## Directions
The answer consists only of the lines from the beginning of the listing below to the line holding "ということで先ほどのテーブル", inclusive, with every picture removed.

## Material shown

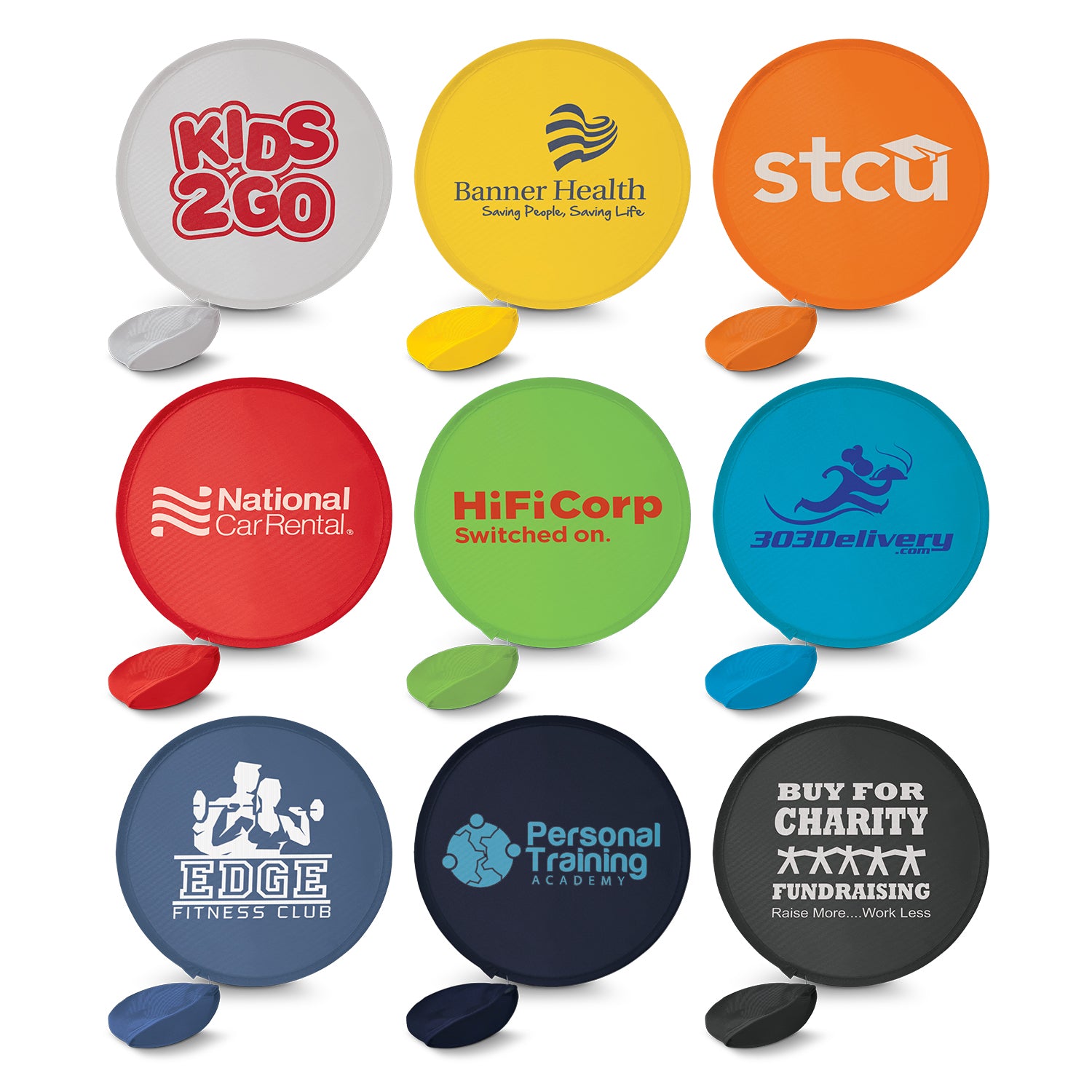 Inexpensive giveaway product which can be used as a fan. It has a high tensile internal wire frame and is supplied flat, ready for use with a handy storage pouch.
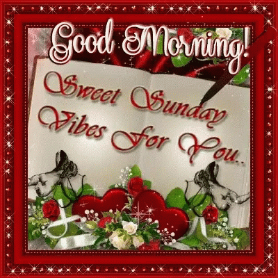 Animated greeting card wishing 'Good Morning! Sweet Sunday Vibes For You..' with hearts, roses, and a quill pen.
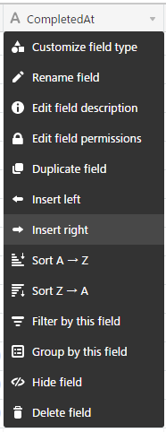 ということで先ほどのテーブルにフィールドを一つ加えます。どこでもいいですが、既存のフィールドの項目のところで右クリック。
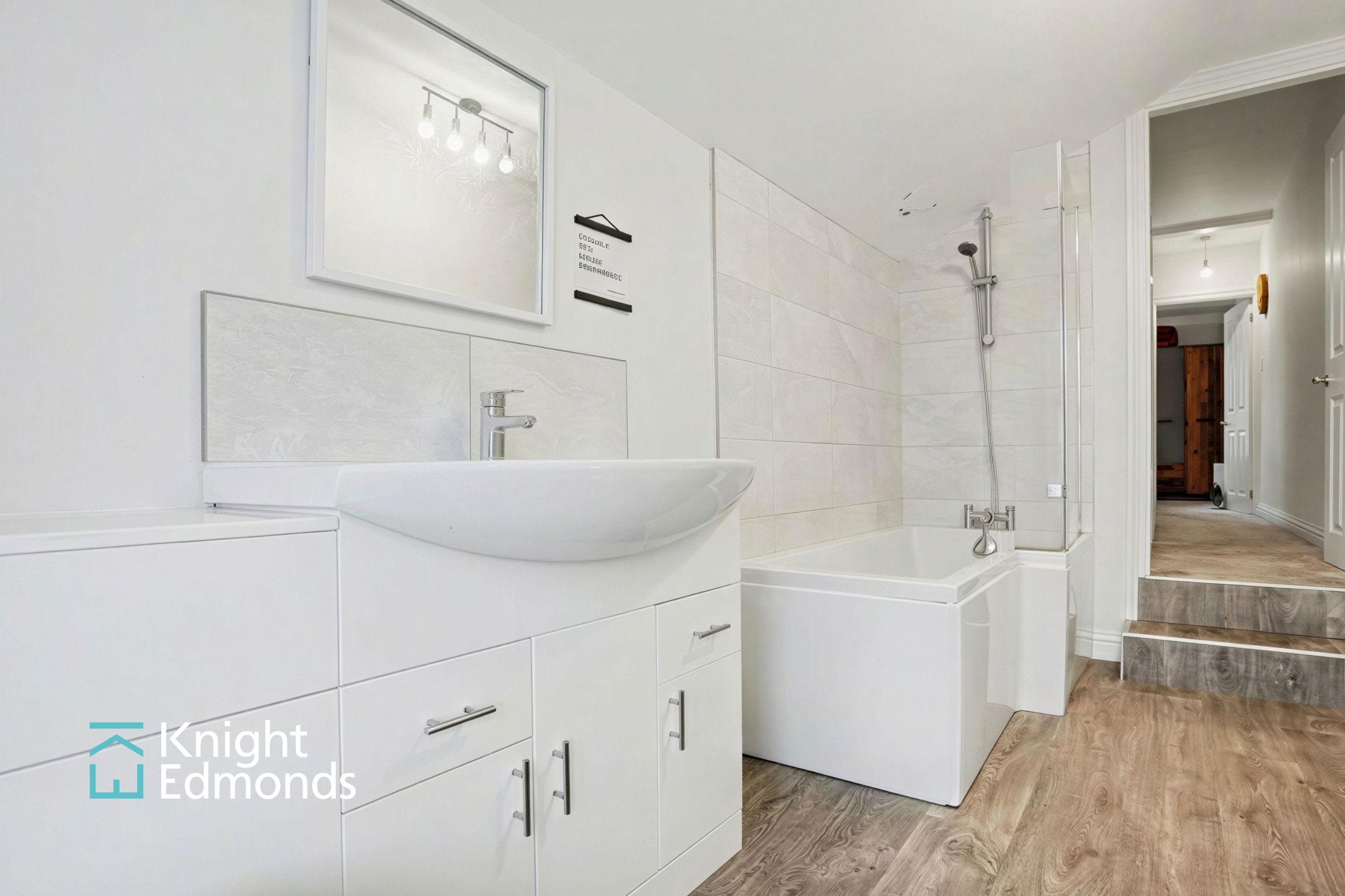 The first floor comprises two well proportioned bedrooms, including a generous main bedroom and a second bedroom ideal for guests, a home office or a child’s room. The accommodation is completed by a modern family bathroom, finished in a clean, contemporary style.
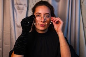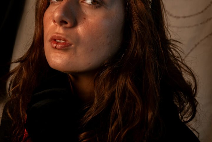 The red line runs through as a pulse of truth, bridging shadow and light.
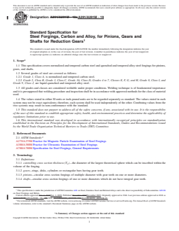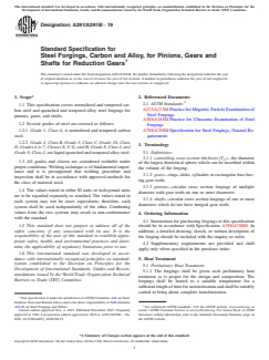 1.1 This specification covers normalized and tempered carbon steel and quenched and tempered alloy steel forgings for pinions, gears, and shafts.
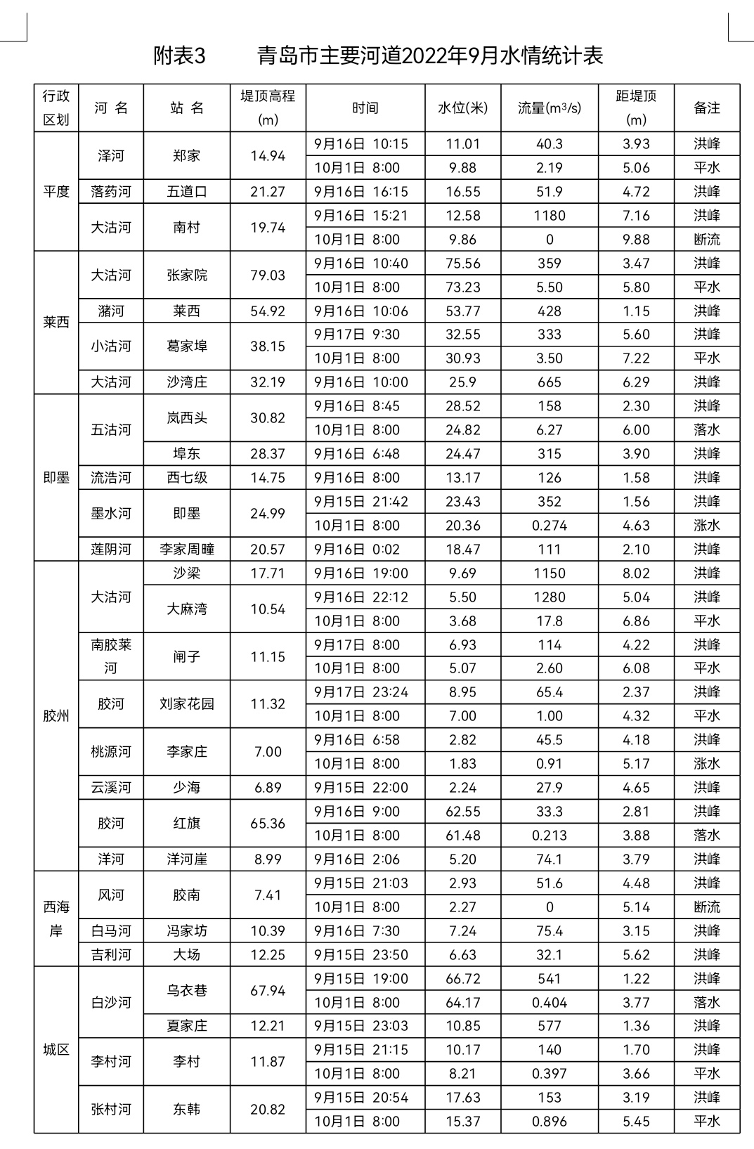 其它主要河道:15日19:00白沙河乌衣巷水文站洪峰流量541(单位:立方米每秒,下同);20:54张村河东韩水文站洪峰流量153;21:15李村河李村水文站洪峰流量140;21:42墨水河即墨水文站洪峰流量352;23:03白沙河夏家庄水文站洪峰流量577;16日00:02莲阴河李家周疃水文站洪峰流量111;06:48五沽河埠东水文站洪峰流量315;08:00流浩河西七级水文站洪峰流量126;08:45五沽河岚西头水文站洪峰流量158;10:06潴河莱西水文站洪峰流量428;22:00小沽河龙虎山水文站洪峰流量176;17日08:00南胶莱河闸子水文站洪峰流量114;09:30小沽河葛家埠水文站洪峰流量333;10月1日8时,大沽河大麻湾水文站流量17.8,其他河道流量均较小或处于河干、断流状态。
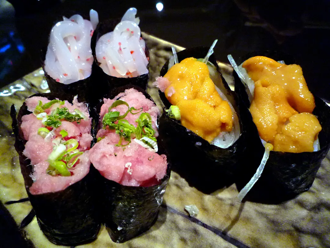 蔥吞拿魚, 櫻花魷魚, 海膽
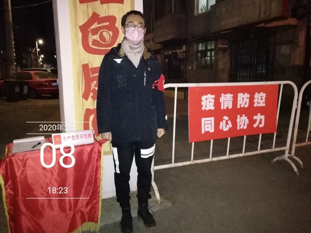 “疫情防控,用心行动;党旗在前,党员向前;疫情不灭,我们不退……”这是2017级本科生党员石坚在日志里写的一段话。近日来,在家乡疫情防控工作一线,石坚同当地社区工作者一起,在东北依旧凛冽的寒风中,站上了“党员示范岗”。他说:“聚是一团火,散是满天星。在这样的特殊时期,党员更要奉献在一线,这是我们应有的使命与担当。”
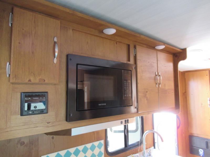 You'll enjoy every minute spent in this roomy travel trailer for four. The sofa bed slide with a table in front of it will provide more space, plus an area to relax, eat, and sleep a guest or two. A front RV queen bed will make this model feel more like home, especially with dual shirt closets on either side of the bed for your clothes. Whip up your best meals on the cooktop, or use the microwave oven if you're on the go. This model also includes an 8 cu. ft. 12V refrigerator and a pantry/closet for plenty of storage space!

## Result for this task
 Inexpensive giveaway product which can be used as a fan. It has a high tensile internal wire frame and is supplied flat, ready for use with a handy storage pouch.
 Animated greeting card wishing 'Good Morning! Sweet Sunday Vibes For You..' with hearts, roses, and a quill pen.
 ということで先ほどのテーブルにフィールドを一つ加えます。どこでもいいですが、既存のフィールドの項目のところで右クリック。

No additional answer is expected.